In the backyard of this summer, my nephew is with his half brother at an uncle’s house in a wealthy suburb of Denver. These young men are many things. My nephew is a biology student, is Métis and Irish and French and African American, is seldom found in his natural habitat without his laptop and its intricate online world of fantasy games; his brother is a high school student, is of similar descent, minus the Métis, is interested in basketball and travel and the outdoors. But in the language of this, our America, in this, our summer of guns, they are Black. They are Black boys by a private lake. Never mind they are here to fish, are holding fishing poles. Never mind they’ve been invited.

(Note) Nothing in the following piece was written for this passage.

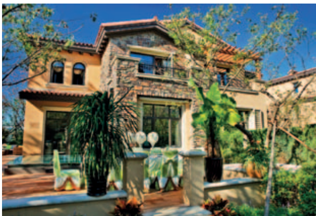
沈陽澗山 Shenyang Rose & Gingko Villa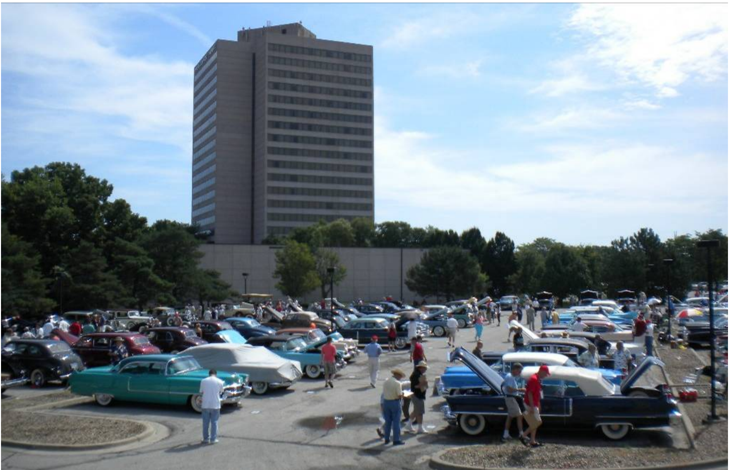
The Doubletree Hotel Overland Park-Corporate Woods, Overland Park, Kansas 2010 CLC Grand National Host Hotel

The day passes into late afternoon when the baby monitor the uncle has been holding erupts with the sounds of the younger, inside children awaking from their naps. He goes to tend them, leaving my nephew and his brother alone to fish.
When the neighbor sees them there, at the edge of her manicured lawn, waterside, she goes into her house and brings down her gun. She crosses the space of the lawn with it in front of her body, in the position we refer to as drawn—as in how is the scene drawn? Is the light just right? How is the timbre of her voice when she demands to know who they are and what they think they are doing, these boys? Who the fuck are they, who the fuck, who the fuck?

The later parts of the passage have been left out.